We don’t need formulas, descriptions, or human attempts to alleviate suffering. We need faith in Jesus and constant, daily reminders that we will one day see Him face to face.  And on that day, our only response will be indescribable praise.

When we embrace our own vulnerability, we find ourselves embraced by Christ, the living Stone.

Scripture References

You deserted the Rock, who fathered you; you forgot the God who gave you birth. Deuteronomy 32:18 (NIV)

Trust in the Lord forever, for the Lord, the Lord himself, is the Rock eternal. Isaiah 26:4 (NIV)

Come to me, all you who are weary and burdened, and I will give you rest. Matthew 11:28 (NIV)

 “I am the Alpha and the Omega,” says the Lord God, “who is, and who was, and who is to come, the Almighty.” Revelation 1:8 (NIV)

8

The Simple Side of Faith

My man and I celebrated our fifteenth wedding anniversary back in May by taking a kid-free trip to Napa Valley. The gorgeous scenery and fine wine were just the backdrop. The quiet was everything I knew it would be and more. Getting away reminded me just how much I love hanging out with this guy.

Napa Valley

At each vineyard we visited, I caught myself considering Jesus’ words from John 15:1, “I am the true vine, and my Father is the gardener.” I don’t often think of farming when I pour a glass of cabernet, but I learned that wine-making is a complex process.

The intricate relationship between the vine and the branches drew my heart to the sovereignty of the One who oversees the growth in my own heart.

The care with which the vine is tended, the way the fruit matures, and the process that manifests itself in a beautiful bottle of wine is anything but simple. Such extensive labor and creativity goes into making wine that we heard it called art.

We are the Father’s work of art, ever changing and growing, becoming more beautiful with time.

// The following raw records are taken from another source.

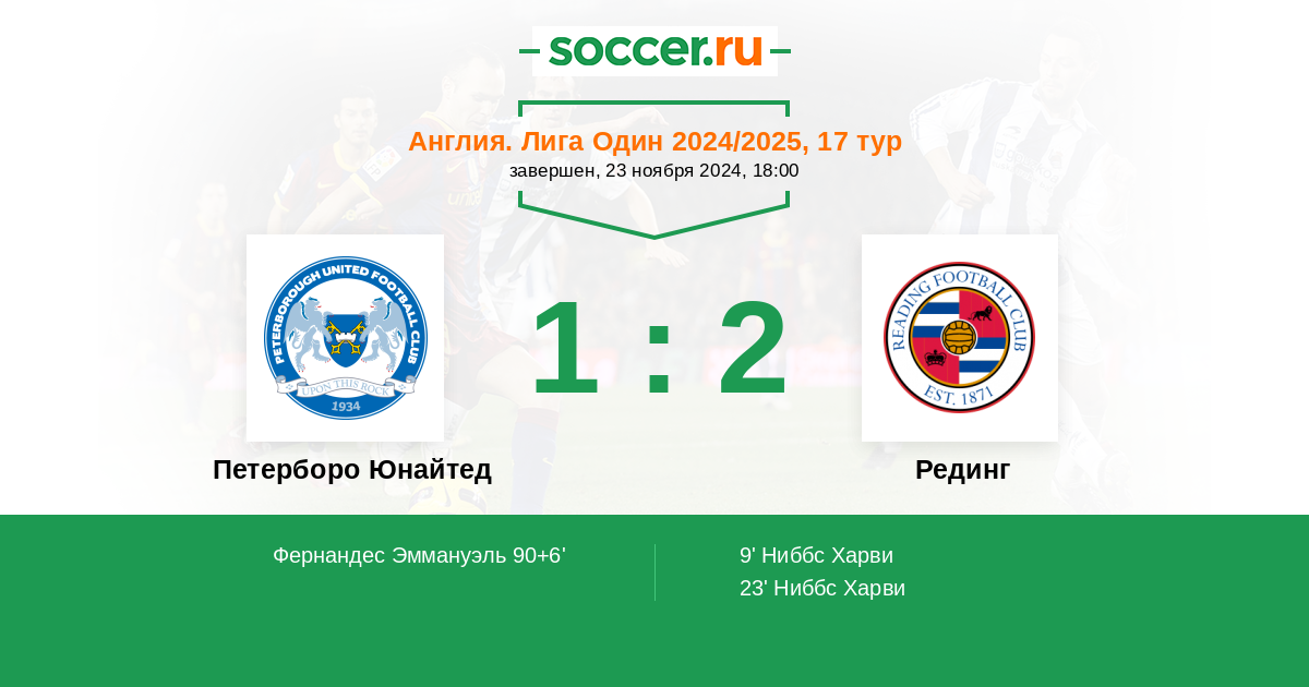 Англия. Первая Футбольная Лига 26.12.2023 Петерборо Юнайтед Логотип футбольный клуб Петерборо Юнайтед 2:2 Логотип футбольный клуб Рединг Рединг
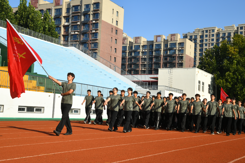 听 口号洪亮撼天动地 看 步履坚定积极向前 整齐划一的动作 昂首阔步的姿态 踏出的是步步脚印 迈出的是坚定信念 军训团团旗
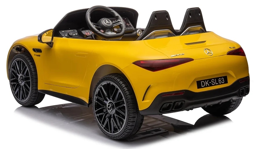 Modelul Mercedes-Benz SL63 24V se remarcă prin aspectul său sportiv și liniile fluide, inspirate din designul mașinii reale. Finisajul verde vopsit accentuează caracterul elegant al modelului, iar detaliile atent realizate oferă un aspect modern și bine proporționat.
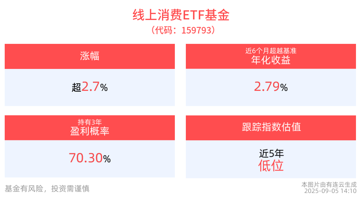 截至2025年9月5日 14:10,中證滬港深綫上消費主題指數(931481)強勢上漲1.45%,成分股中國電影(600977)上漲10.04%,巨人網絡(002558)上漲8.14%,萬潤科技(002654)上漲7.55%,芒果超媒(300413),姚記科技(002605)等個股跟漲。綫上消費ETF基金(159793)上漲2.71%,最新價報1.06元。拉長時間看,截至2025年9月4日,綫上消費ETF基金近1月累計上漲5.62%。

Later in the week, I grabbed my bible and read more of Jesus’ words in John 15, certain that He wanted to speak to me though this intriguing illustration. In just ten verses, He repeats the word remain eleven times. Abide, another interchangeable term, means to continue to be present, to be held or kept.

In my everyday moments, this looks like resting in God’s thoughts about me; it looks like claiming my identity in Christ, the true vine. When I take every thought captive and line it up with the truth in God’s word, I realize my part really is breathtakingly simple.

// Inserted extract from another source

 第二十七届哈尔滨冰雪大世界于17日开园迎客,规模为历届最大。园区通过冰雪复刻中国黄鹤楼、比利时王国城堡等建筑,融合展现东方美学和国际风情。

Jesus says, “I am the vine; you are the branches. If you remain in me and I in you, you will bear much fruit; apart from me you can do nothing.” (John 15:5) The times I’m most defeated, discouraged, and doubtful are the times I’m trying so hard to bear fruit on my own. Jesus says it’s not possible.

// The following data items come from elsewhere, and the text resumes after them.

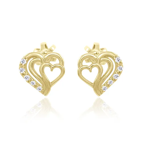 Srdiečkové náušnice vyrobené zo žltého 14k zlata zdobia biele zirkóny. Náušnice majú bezpečné šrobovacie zapínanie.
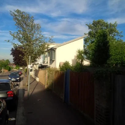A development of nine apartments on a constricted site in Hackney, north London. Completed in 2018, the building steps on plan in three bays following the curve in the road with each bay containing 3 flats, all with spacious balconies facing south.
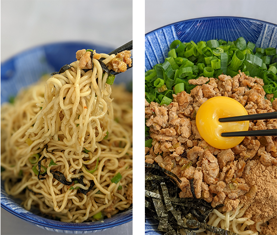 טייוואן מאזה-סובה – Taiwan mazesoba. מנת אטריות ראמן יבשה (ללא מרק) שעל אף שמה מקורה אינו בטייוואן אלא בנאגויה יפן. מדובר באטריות ראמן עם המון טעמים שמגיעים מתוספות כמו בצל ירוק קצוץ, אבקת דגים, בשר מתובל חריף וחלמון טרי של ביצה. ממש פצצת אומאמי. אפשר להחליף את החלמון הטרי בביצת אונסן (ביצה עלומה יפנית) או ביצה רכה חצויה. יש לערבב היטב את האטריות עם כל התוספות לפני האכילה. אמנם המנה מעט מורכבת להכנה, אך היא בהחלט שווה את זה.
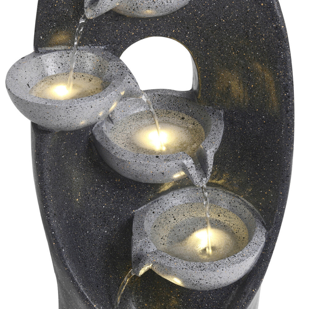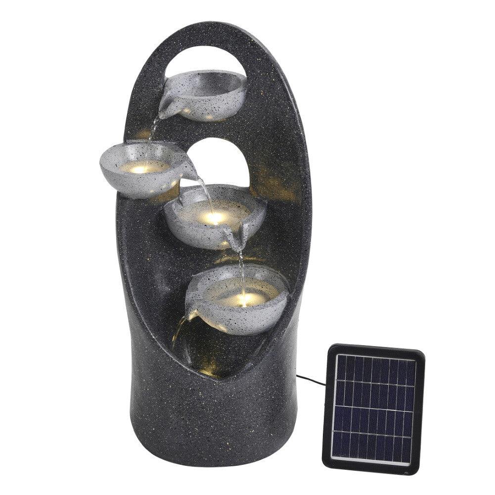 Large Garden Outdoor Tiered Water Feature Solar LED Fountain Barrel Bowls 68cm

Apart from His love, nothing will grow.

I am the vine; you are the branches.

His love is the only love that’s pure and perfect and able to produce good in us.

Jesus continues, “As the Father has loved me, so have I loved you. Now remain in my love…  You did not choose me, but I chose you and appointed you so that you might go and bear fruit—fruit that will last—and so that whatever you ask in my name the Father will give you. This is my command: Love each other.” (John 15:9, 16-17)

After Jesus describes His own extravagant love, He gives the command, Love one another.

It’s beautifully straightforward yet I wrestle with the simplicity of it.

It’s beautifully straightforward, yet I wrestle with the simplicity of it.

Jordan Feliz has a song called Simple. These lyrics resonate particularly well with my soul: “In my dirt you call me worth it…” Sometimes, it’s so hard to receive perfect, unconditional love.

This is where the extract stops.